CTを撮るべきかどうかの判断は「6つの危険因子」を参考に

■症状や状態

 次に示す6つの項目が当てはまるかよく観察してください。小児の軽症頭部外傷のときにCTを撮るべきかどうかを研究した『PECARN』という研究を基にした6つの危険因子です。

■【6つの危険因子】 2歳未満の場合

何となく意識がおかしい
→「視線が合わない」「言っていることの辻つまが合わない」など、意識の内容が変化しているときも当てはまります。

おでこ以外の部分にこぶ(皮下血腫)ができている
→皮膚の下にできた血腫です。おでこ以外にある場合、骨折や頭蓋内血腫に関連している可能性があります。

5秒以上の意識消失
→5秒以上の意識消失があれば受診が必要です。

重度のけがの仕方
→前ページの「けがの仕方」の項目を参照。

触って分かる頭蓋骨骨折
→よく頭を触ってみてください。凹んでいたり、溝があったりするなどの症状が当てはまります。

保護者から見ていつもと違う
→おしゃべりができない2歳未満の子の場合、この項目が一番役に立ちます。何となくいつもと違うといった印象が大切です。

■【6つの危険因子】 2歳以上の場合

何となく意識がおかしい
→「視線が合わない」「言っていることの辻つまが合わない」など、意識の内容が変化しているときも当てはまります。

一瞬でも意識消失があった
→2歳以上の場合、一瞬でも意識消失があれば受診が必要です。

吐いた
→一度でも嘔吐があればCT撮影を考慮します。

重度のけがの仕方
→「けがの仕方」の項目を参照。

目や耳の周りが黒くなっている
→目や耳の周りが黒くなるのは、頭蓋底に骨折があるときに出現する所見です。透明な液体が鼻や耳から出ている場合も受診が必要です。

強い頭痛がある
→耐えられないような強い頭痛がある場合は、やはりCTを撮ったほうがいいでしょう。

 『PECARN』では、①から⑥の項目が一つも当てはまらなかった2歳未満のお子さんに、手術など濃厚な治療が必要になった確率は0.02%以下でした。我々が日本の子ども達を対象に同様の研究を行った結果は0.7%でした。

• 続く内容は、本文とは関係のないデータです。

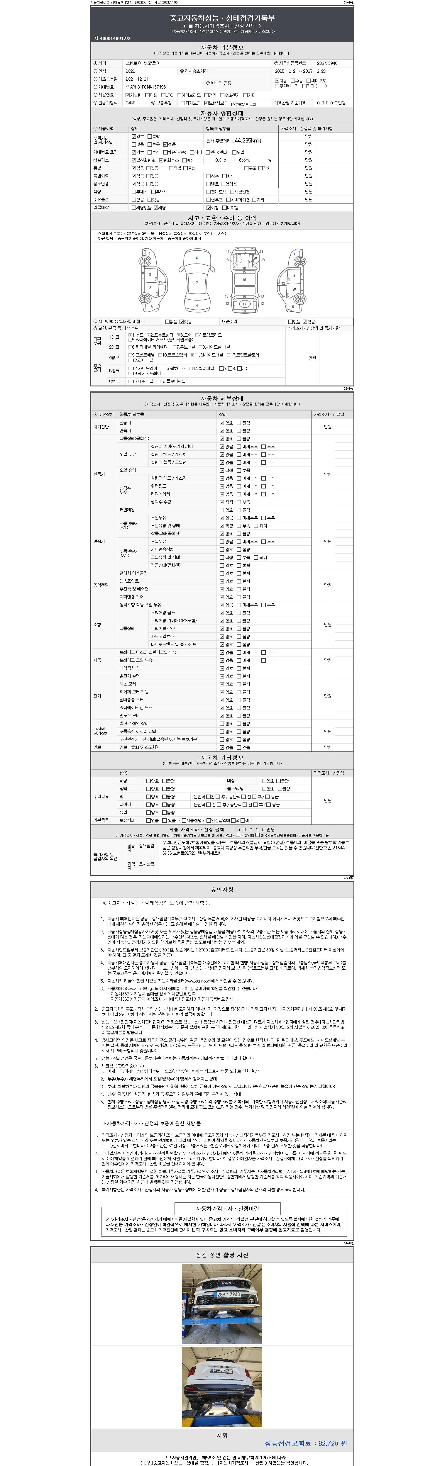 | 주행거리 | 44,219 km | 차량번호 | 289수3940 | 사고유무 | 성능기록부 참조 | 제시번호 | 제 2147483647 호 |
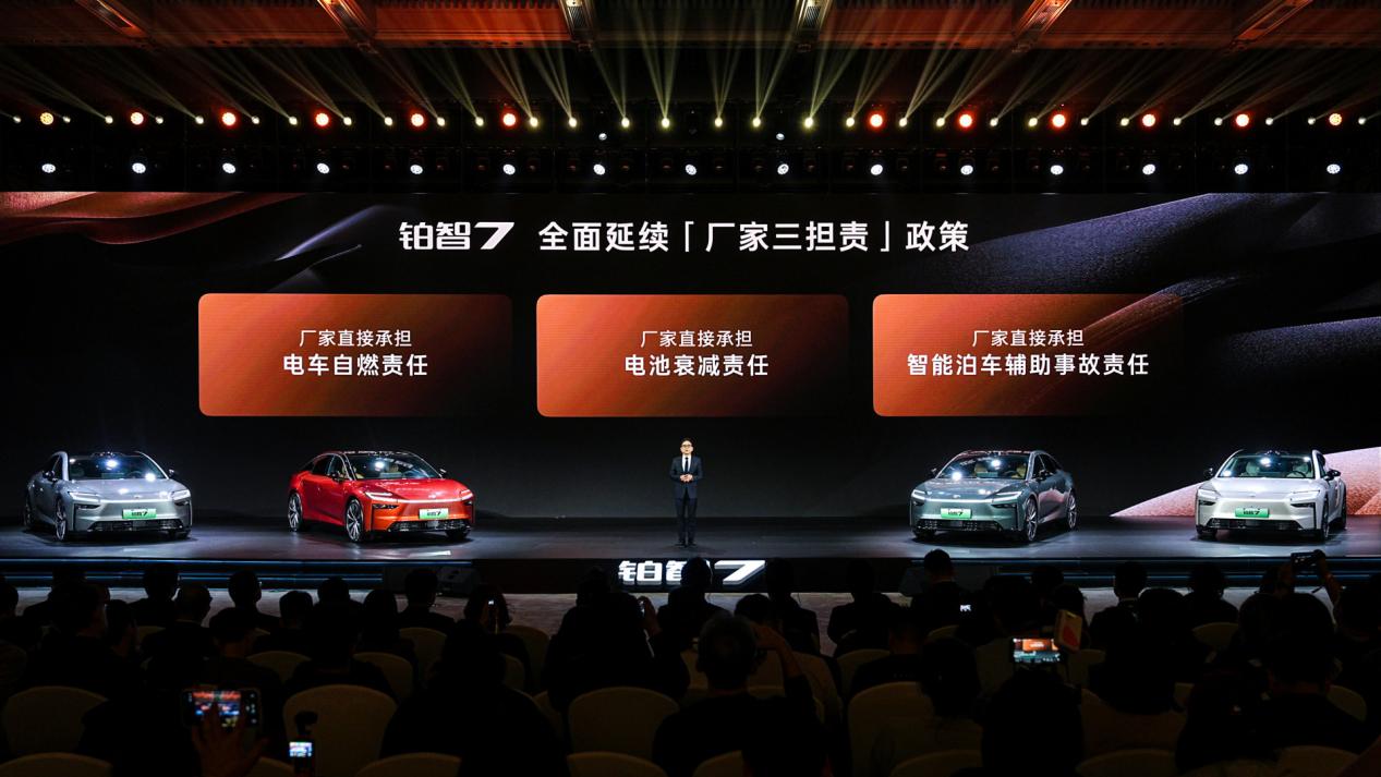 不止于权益,铂智7还有两大承诺,为用户全程兜底:三电系统终身质保,彻底打消用户使用电车的长期焦虑;厂家三担责,即电车自燃、智能泊车事故、电池衰减,均由厂家担责。

 つまり、①~⑥の項目が当てはまらなければ、まず大丈夫と考えるのが現実的です。

 逆に、①~⑥の項目が一つでも当てはまれば、CT撮影が必須、あるいは推奨されるということになります。つまり、医療機関の受診が必要です。

 その際は担当医に、「PECARNの6つの危険因子のうち、どれとどれが当てはまります」と伝えてみてください。家族と医療者が協働して築く、質の高い医療ができるはずです。